Rosenbach v. Six Flags
Reversed and remanded – Six Flags allegedly collected plaintiff’s son’s thumbprint as part of a season-pass purchase – a thumbprint to be used for park entry. Plaintiff claimed at no point was she informed biometrics would be required for the season-pass, and neither she or her son were provided with the Six Flags polices for the purposes of use, retention, security, or deletion of biometric information. Plaintiff further alleged neither she or her son provided written consent for the collection, use, and storage of her son’s thumbprint.

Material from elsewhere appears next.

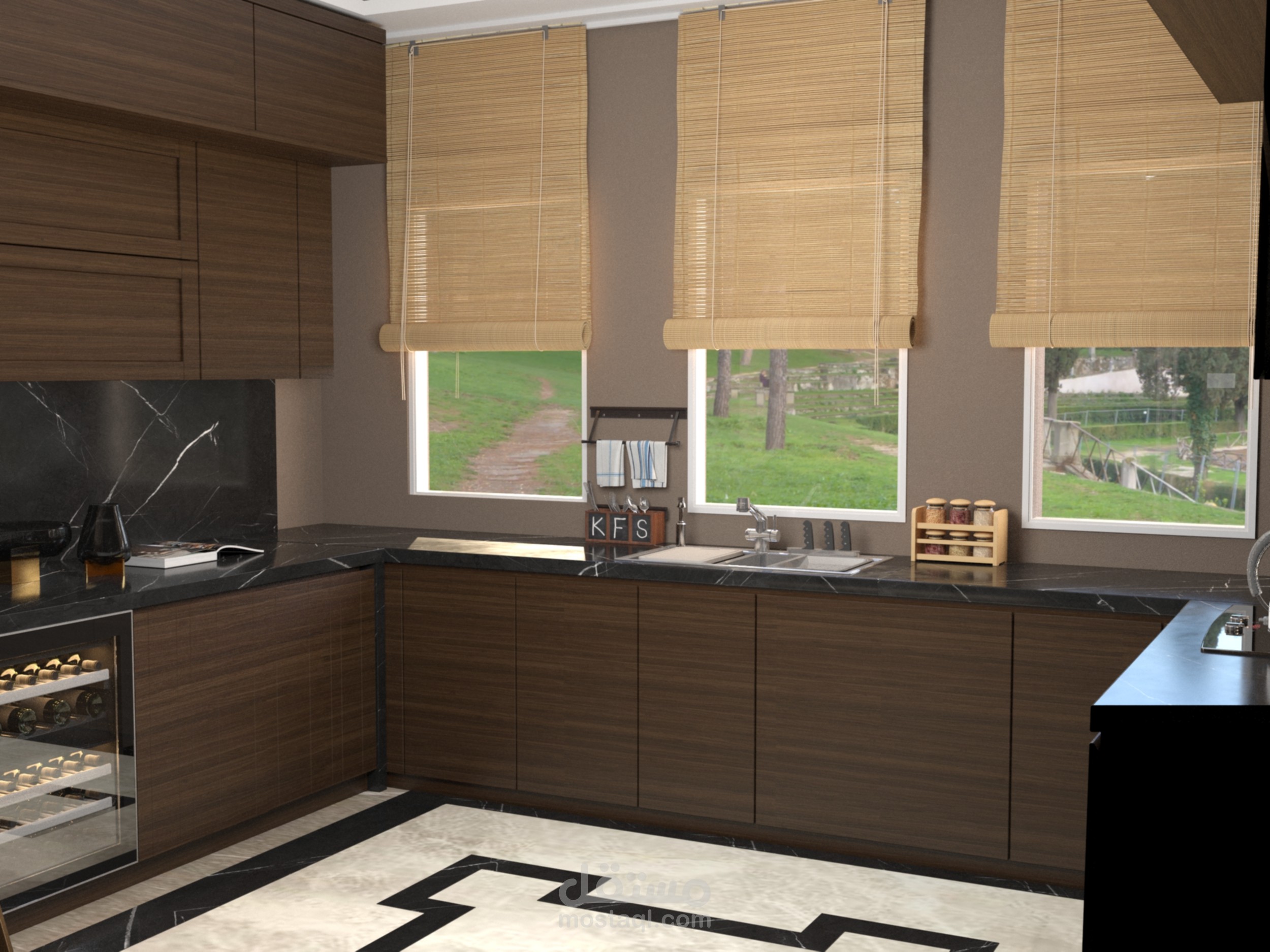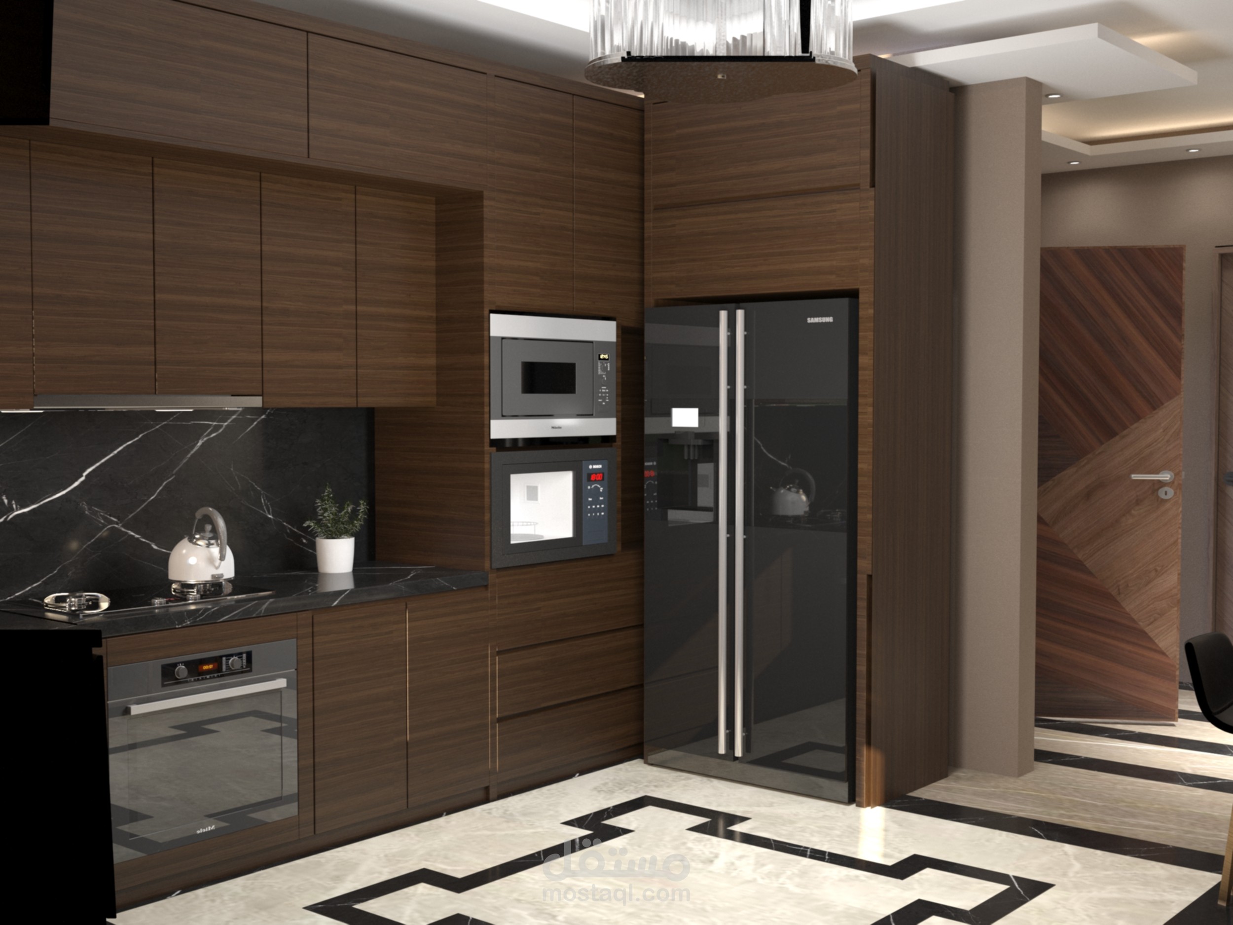تصميم ثلاثي الابعاد لمطبخ بفيلا باكتوبر

A Lake County Court, denied (in part) a motion to dismiss, and certified a question to the Illinois Appellate Court (2nd Dist; 2-17-0317) as to whether plaintiff was ‘aggrieved’ under BIPA. The appellate court ruled that a bare technical violation of BIPA – absent ‘injury or adverse effect’ – was insufficient to render plaintiff ‘aggrieved.’ Thus, plaintiff was entitled to neither statutory damages nor injunctive relief.
The Illinois Supreme Court disagreed, finding the denial or infringement of a legal right was sufficient to leave one ‘aggrieved’ (as the term is commonly understood). “When a private entity fails to adhere to the statutory procedures, as defendants are alleged to have done here, the right of the individual to maintain [his or] her biometric privacy vanishes into thin air. The precise harm the Illinois legislature sought to prevent is then realized. This is no mere technicality. The injury is real and significant.” (emphasis added, citation omitted)
Thus, plaintiffs need not plead and prove that they sustained some actual injury, a violation of the rights afforded under BIPA were sufficient. The appellate court decision was reversed, and remanded with the ‘corrected’ answer to the certified question.
[Supreme Court of Illinois; 123186]
jbho: will this be the case that gets SCOTUS to reconsider Spokeo? Six Flags may still prevail on the merits, but with the standing bar cleared, we’re likely to see a lot more cases like this.
Certainly will make things more interesting in In re Facebook Biometric Litigation (N.D. CA; 3:15-cv-03747), where Facebook was leaning heavily on this case as part of its defense.
In fact, the court here referenced that case, and essentially validated the 9th circuit’s chastising of Facebook for its reliance on this case.
The court’s logic seems to focus on the fact that once biometrics are compromised, there is no way back. An individual is at heightened risk for identity theft or impersonation – on a physical level – and the full ramifications to an individual due to compromised biometrics are not fully known. This is why I am opposed to the use of biometrics in authentication. The harms simply outweigh the benefits. It’s not better security, it’s just easy/lazy security that shifts the bulk of the risks onto the individual.
So in the absence of regulatory guidance, if you must use biometrics, it may be worth considering to:
• Provide clear and conspicuous notice of the collection, purpose of use, and potential disclosures of information that might be considered ‘biometric’
— cover in both your user agreement and privacy policy
• Obtain a ‘just-in-time’ express consent of the individual
• Provide clear and conspicuous notice of opt-out procedures / how to submit a deletion request
• Specify your retention and destruction practices
For the record, the statute can be read here:
http://www.ilga.gov/legislation/ilcs/ilcs3.asp?ActID=3004&ChapterID=57
Remember that BIPA provides for statutory damages of $1,000 per violation ($5,000 per intentional or reckless violation). AFAIK, no court has interpreted the meaning of ‘per violation,’ but class actions under BIPA usually seek damages on a ‘per individual’ basis.